Heme oxygenase (Hmox) is the enzyme that degrades heme to produce equimolar amounts of carbon monoxide (CO), iron, and biliverdin/bilirubin [19]. It is also a stress-response protein, since HO and its metabolites exhibit significant antioxidative [20], cytoprotective [21], pro-angiogenic [22], and anti-inflammatory [23] properties.

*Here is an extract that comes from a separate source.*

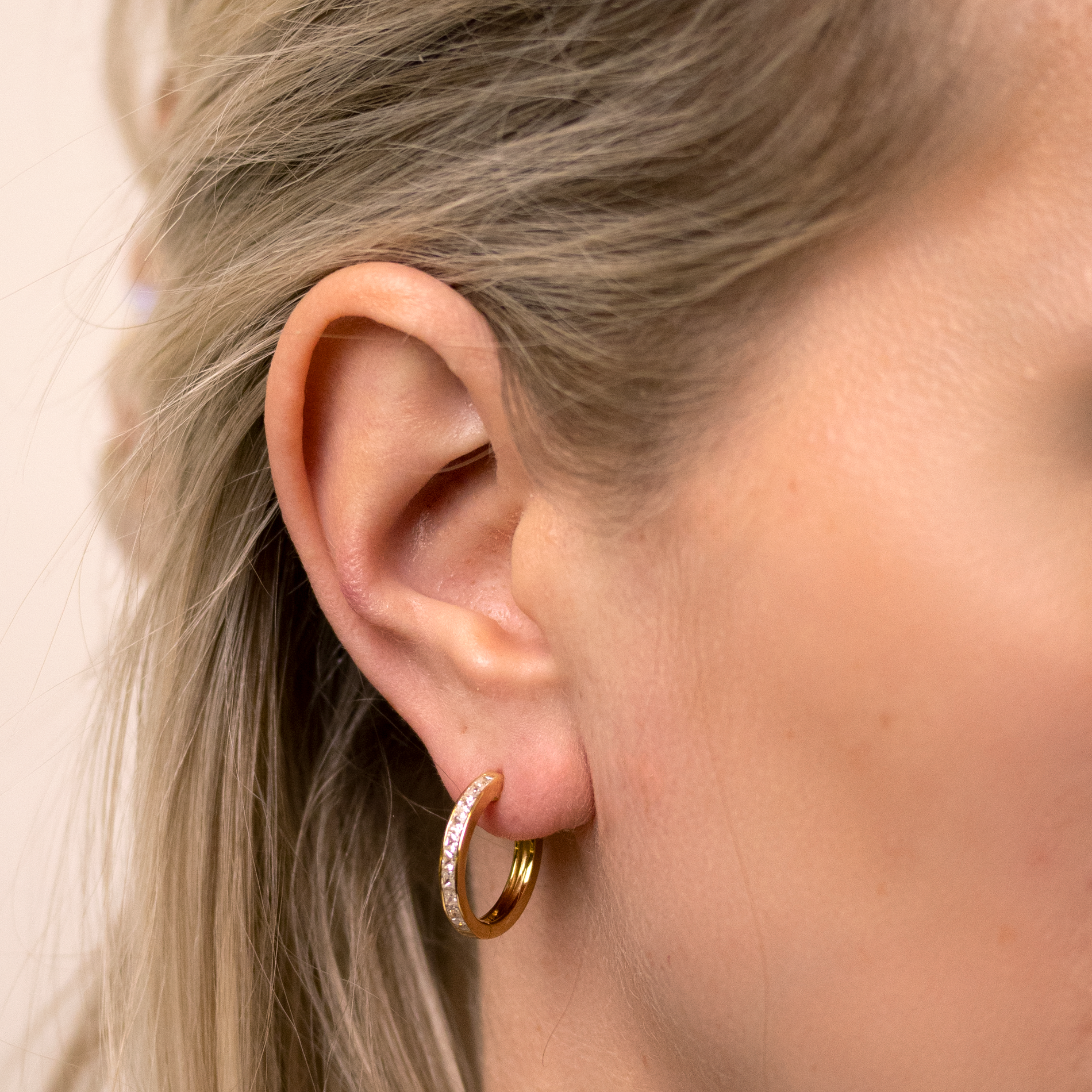 Amsterdam creolerne i forgyldt sølv udstråler tidløs elegance med deres enkle, men sofistikerede design. Udsmykket med en række hvide zirkonia sten, som skaber en subtil glans, er disse creoler ideelle til både hverdagsbrug og festlige begivenheder.

Low expression of Hmox1, the inducible isoform, has been associated with a number of human pregnancy disorders [[24], [25], [26]]. In addition, our previous studies have shown that pregnant Hmox1-deficient (Hmox1+/−, Het) mice have preeclampsia-like features, such as hypertension and high sFlt 1 levels [27,28]. Het placentas also have insufficient SA remodeling and altered uNK cell differentiation and maturation [27,29,30]. Histological examination of Het placentas further revealed a markedly thinner spongiotrophoblast/giant cells layer compared with WT placentas [28,31]. Interestingly, many of these placental abnormalities resemble the phenotypes found in the pregnant Hif1α-deficient mouse.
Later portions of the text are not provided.